§ Data for processing:
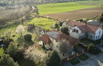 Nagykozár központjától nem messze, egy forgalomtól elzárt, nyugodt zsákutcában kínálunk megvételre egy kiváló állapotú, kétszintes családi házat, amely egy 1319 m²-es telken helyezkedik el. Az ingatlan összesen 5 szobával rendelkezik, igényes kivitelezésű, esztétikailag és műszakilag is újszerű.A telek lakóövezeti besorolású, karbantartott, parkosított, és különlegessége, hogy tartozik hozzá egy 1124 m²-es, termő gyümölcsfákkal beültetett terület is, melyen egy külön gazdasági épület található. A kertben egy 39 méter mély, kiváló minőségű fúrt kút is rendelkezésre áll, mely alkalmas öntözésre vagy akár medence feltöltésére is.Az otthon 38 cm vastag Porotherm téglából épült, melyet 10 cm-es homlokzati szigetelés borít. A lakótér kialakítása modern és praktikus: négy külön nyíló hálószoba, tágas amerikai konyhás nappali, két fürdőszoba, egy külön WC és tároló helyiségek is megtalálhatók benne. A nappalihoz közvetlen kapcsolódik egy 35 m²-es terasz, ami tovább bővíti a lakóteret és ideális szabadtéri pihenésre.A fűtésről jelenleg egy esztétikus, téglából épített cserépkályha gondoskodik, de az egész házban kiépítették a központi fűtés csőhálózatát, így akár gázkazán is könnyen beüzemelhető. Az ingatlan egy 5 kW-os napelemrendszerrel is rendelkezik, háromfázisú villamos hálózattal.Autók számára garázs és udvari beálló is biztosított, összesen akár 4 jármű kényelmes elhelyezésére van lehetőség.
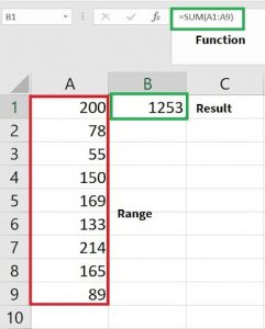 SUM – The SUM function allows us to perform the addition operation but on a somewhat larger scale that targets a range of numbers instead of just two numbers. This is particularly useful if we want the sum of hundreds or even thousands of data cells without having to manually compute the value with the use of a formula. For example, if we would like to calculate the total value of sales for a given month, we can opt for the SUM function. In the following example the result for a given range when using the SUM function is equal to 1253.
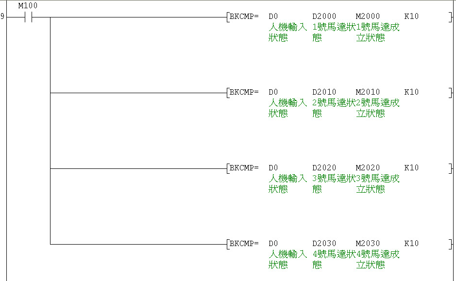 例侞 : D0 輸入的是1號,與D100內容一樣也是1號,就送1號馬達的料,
* * *
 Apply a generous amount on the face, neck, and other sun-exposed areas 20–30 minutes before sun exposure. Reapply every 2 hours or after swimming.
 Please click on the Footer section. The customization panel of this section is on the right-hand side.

§ Assignment:
Could you reproduce, exactly, every line above from the line with "Apply a generous" to the line with "Please click on", and no other line? Both ends count.

§ Answer area:
 Apply a generous amount on the face, neck, and other sun-exposed areas 20–30 minutes before sun exposure. Reapply every 2 hours or after swimming.
 Please click on the Footer section. The customization panel of this section is on the right-hand side.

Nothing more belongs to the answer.